Vehicle speed is crucial in verifying fault and injuries after a crash. After a collision, if you can show that different drivers hit you at high speed, you can use that as proof of the driver’s carelessness or even reckless driving. Further, you can calculate the rate of a car hit to prove that that accident caused your damages. Car damage at different speeds can be shown a number of ways.
For example, you can show that another vehicle was going fast when it got into a rear-end accident in your car. Then you will have proof that shows that your whiplash trauma, post-traumatic stress, and dented bumper was a result of the collision and not some previous incident.
If you have are in a car collision, reach out to one of our car collision attorneys near you today at (816) 474-2060 or contact us online for a free consultation in Liberty or Kansas City.
Accident Reconstruction Specialists Can Prove Vehicle Speed
When a significant injury award is at stake, both parties to a lawsuit might hire expert experts to present the jury with evidence about the collision. These specialists gather evidence from the collision scene. They then use scientific methods to make opinions about circumstances such as a car’s rate of travel, when a driver applied the breaks, or whether he or she veered to evade the impact.
To determine a vehicle’s speed, a specialist can estimate the length of skid marks and the resulting damage that the car sustained upon contact. Automakers and regulatory bureaus keep information about the speeds at which bumpers, crumple zones, and side panels will fail.
Using Evidence From the Collision Scene to Ascertain Speed
Let’s assume, for example, that a vehicle has a bumper that can endure impacts of up to 10 mph.
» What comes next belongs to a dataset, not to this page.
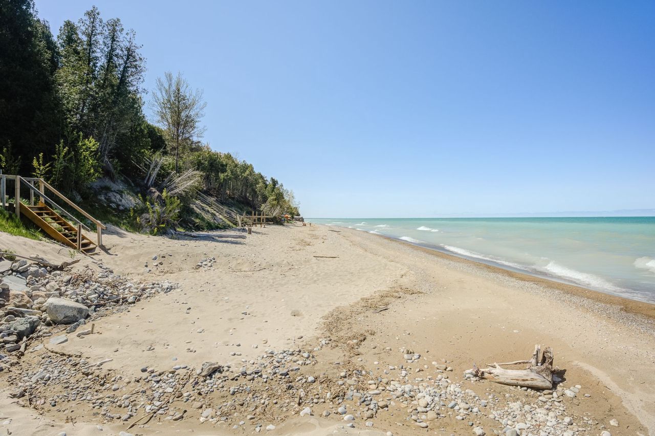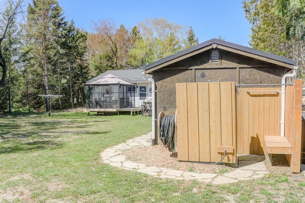Fantastic opportunity to own a beautiful, totally renovated, open concept, turn key cottage or home! Just move in!!! All furniture, shelving, lighting, window coverings etc are included! Situated in a perfect location, between Bayfield and Grand Bend, this stunning home is under a two minute walk from a lovely beach, complete with a gently sloping water access . Working remotely? Want a vacation home? This home is perfect, as it is ideal as a summer home, or year round living! Some updates include a new kitchen (2022) with gorgeous cabinets, counter-tops, soft-close drawers, convenient island and built-in stainless steel dishwasher and microwave. This freshly painted, maintenance free, gem, also has new and elegant light fixtures, 3 good sized bedrooms, and a recently renovated, stylish, contemporary bathroom, as well as luxury vinyl flooring throughout. Other upgrades include newer windows (2016) and a steel roof (2021). Entertain friends on the spacious front or rear deck or gazebo.Furniture, Lights, Fans, Shelves, Gazebo, Window Coverings,

After an accident, a destroyed bumper will show a higher speed. Yet the crumple zone, which will fail at collisions higher than 30 mph, is intact. From this information, a specialist can reason that the collision speed was somewhere between 10 and 30mph.
Assume that 150 ft skid marks are leading up to the point of collision. A specialist would examine the street surface conditions at the time of the crash, research the car’s braking performance, and determine the kind of tires were on the vehicle on the day of the accident.
Based on this knowledge, a specialist can calculate the estimated speed at which the vehicle must have been moving to be still going between 10 and 30 mph after breaking for 150 feet. Some sports vehicles can decelerate from 60 mph in 100 feet. Trucks, on the other hand, would take double or triple this distance to decelerate.
Collision reconstruction experts are costly, so they only work on large stakes matters. For the ordinary fender bender, attorneys and insurance adjusters usually rely on eyewitness statements and accident footage to ascertain speed.
Although eyewitnesses are notably unpredictable, attorneys will ask people at the scene how many seconds it took for a vehicle to traverse an intersection and use that number to determine that car’s rate. A more safe method is to gather footage from traffic cameras or the security cameras of a local store that may have captured the accident.
Finally, many contemporary vehicles have so-called “black boxes” that document vehicle data such as location and speed. An attorney or detective can download data from the vehicle’s black box and apply it as proof of a vehicle’s speed at the time of the accident. Until all cars become equipped with this state-of-the-art technology, however, attorneys will rely on older, less reliable methods for determining vehicle speed.
Do you have other unanswered questions? Give the lawyers from Injurylawfirm.lawyer a call at 816-474-2060 for a free consultation of your case.